*Information provided*.
***

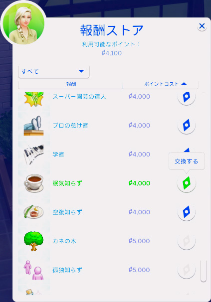 ちまちま進めていた願望と、気まぐれの消化でポイントが4000超えたので、眠気知らずを取っておきます。
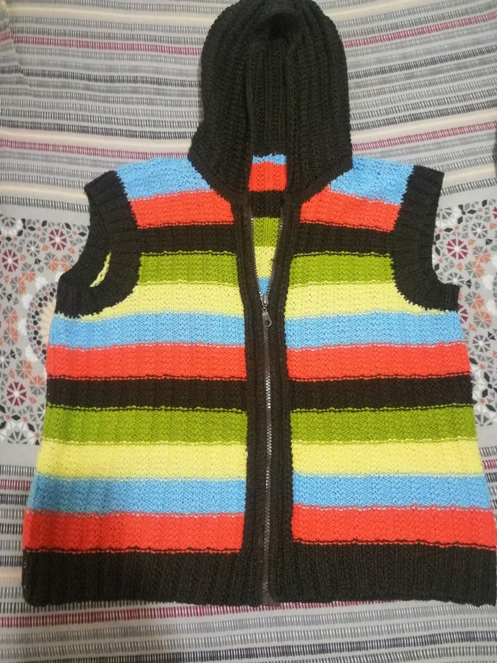 Renkli yatay çizgilerle kolsuz, kapüşonlu ve boğazlı örgü kadın süveter. Fit kesim ve rahat kullanım için uygun. Boy uzunluğu 54cm iki omuz arası 43 cm iki koltuk altı arası 52 cm’dir.
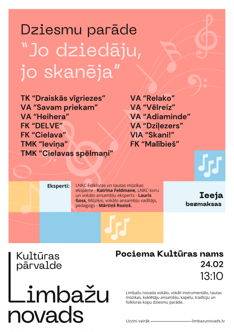 Limbažu novada vokālo, vokāli instrumentālo, tautas mūzikas, koklētāju ansambļu, kapelu, tradīciju un folkloras kopu dziesmu parādes - skates programma “Jo dziedāju, jo skanēja…”

***

*Aim of the task*. Copy the entire listing exactly but skip the pictures.

*Exercise output*.
 ちまちま進めていた願望と、気まぐれの消化でポイントが4000超えたので、眠気知らずを取っておきます。
 Renkli yatay çizgilerle kolsuz, kapüşonlu ve boğazlı örgü kadın süveter. Fit kesim ve rahat kullanım için uygun. Boy uzunluğu 54cm iki omuz arası 43 cm iki koltuk altı arası 52 cm’dir.
 Limbažu novada vokālo, vokāli instrumentālo, tautas mūzikas, koklētāju ansambļu, kapelu, tradīciju un folkloras kopu dziesmu parādes - skates programma “Jo dziedāju, jo skanēja…”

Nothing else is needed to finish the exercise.